Solar Technology Diffusion Through Data-Driven Behavior Modeling
Lecture by: Dr. Kiran Lakkaraju, Sandia National Labs
Thursday, November 5th, 2:00 to 4:00 p.m.
SFEBB 3170 (Spencer Fox Eccles Business Building)
About the Lecture: Increasing use of clean, renewable energy can help reduce U.S. carbon emissions and oil dependence. Given that residential energy use is 21% of energy consumption in the US, there has been increased interest in understanding, and predicting, residential consumer behavior towards purchasing solar photovoltaic (PV) panels. Better prediction of consumer behavior can reduce customer acquisition “soft costs” which will reduce solar PV prices.
In this talk, Dr. Lakkaraju will provide an overview of efforts at Sandi National Labs to develop a computational model of residential consumer behavior.
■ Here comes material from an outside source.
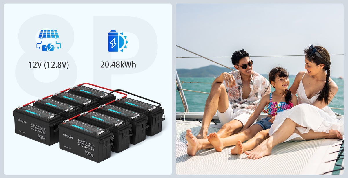 バッテリーを並列接続することで、オフグリッド電源の稼働時間を延ばせます。8台接続で最大20.48kWhの電力を確保可能です。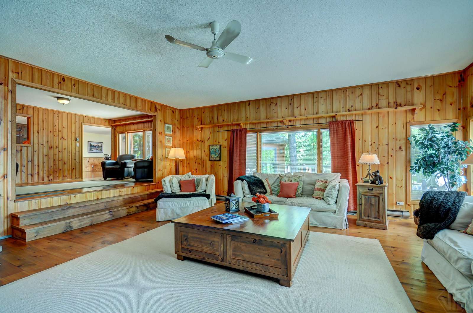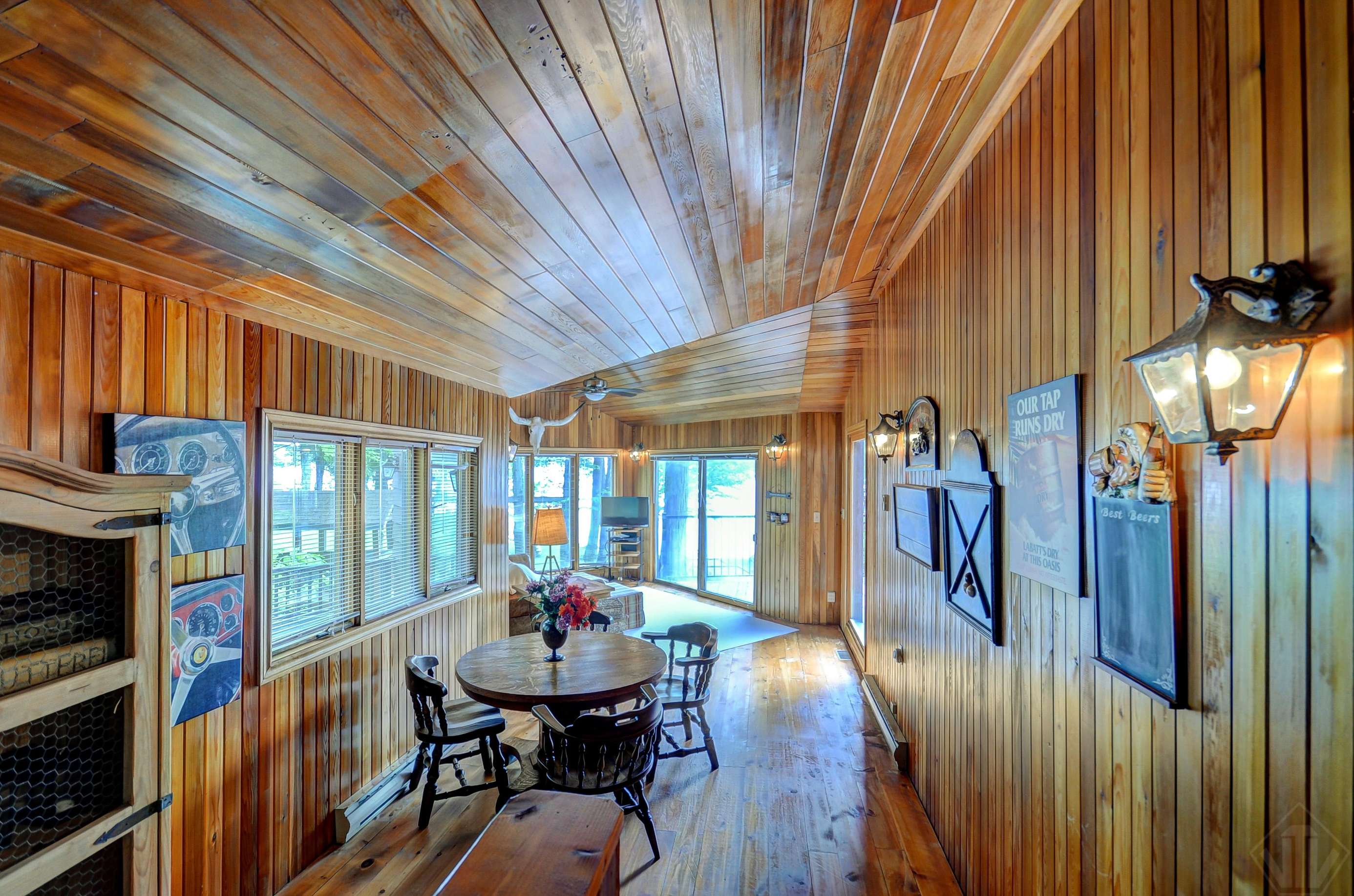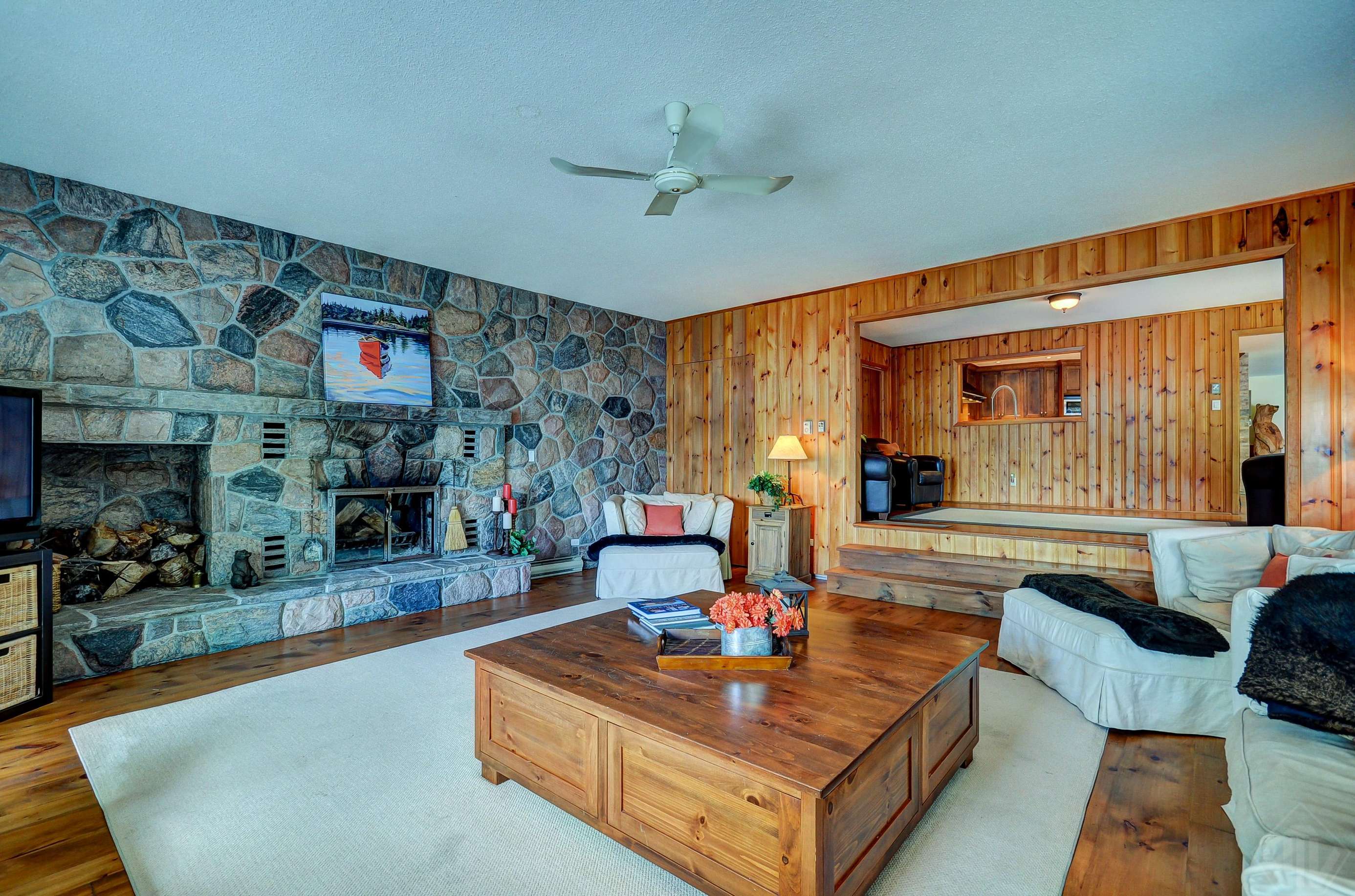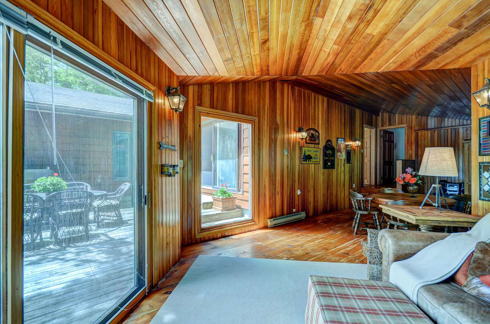 Family gatherings are easily accommodated in the large living room. With the knotty pine walls and floors, and the stone of the wood burning fireplace extending across the entire wall, this room exudes warm, rustic charm. Family movie nights are enjoyed with a 50" TV (satellite viewing), a Blue Ray DVD player, and plenty of seating space. The family room, dining room, and living room all have sliding door access to the large outdoor deck.

Many factors influence this complex decision, from economic, attitudinal, demographic and technical. Sandia Labs has created an agent-based model that incorporates a wide array of these features to predict solar PV purchasing trends based on household level data from San Diego County. They find their model performs better than existing models that only take into account peer effects and economic characteristics.
Significant financial incentives are provided at the local, state and federal level. Predictive models can help inform these decisions by providing a tool to evaluate different policies (i.e., a what-if analysis). This talk will also address how to use the developed model to understand the impact of increasing step-wise incentive programs and suggest alternative programs.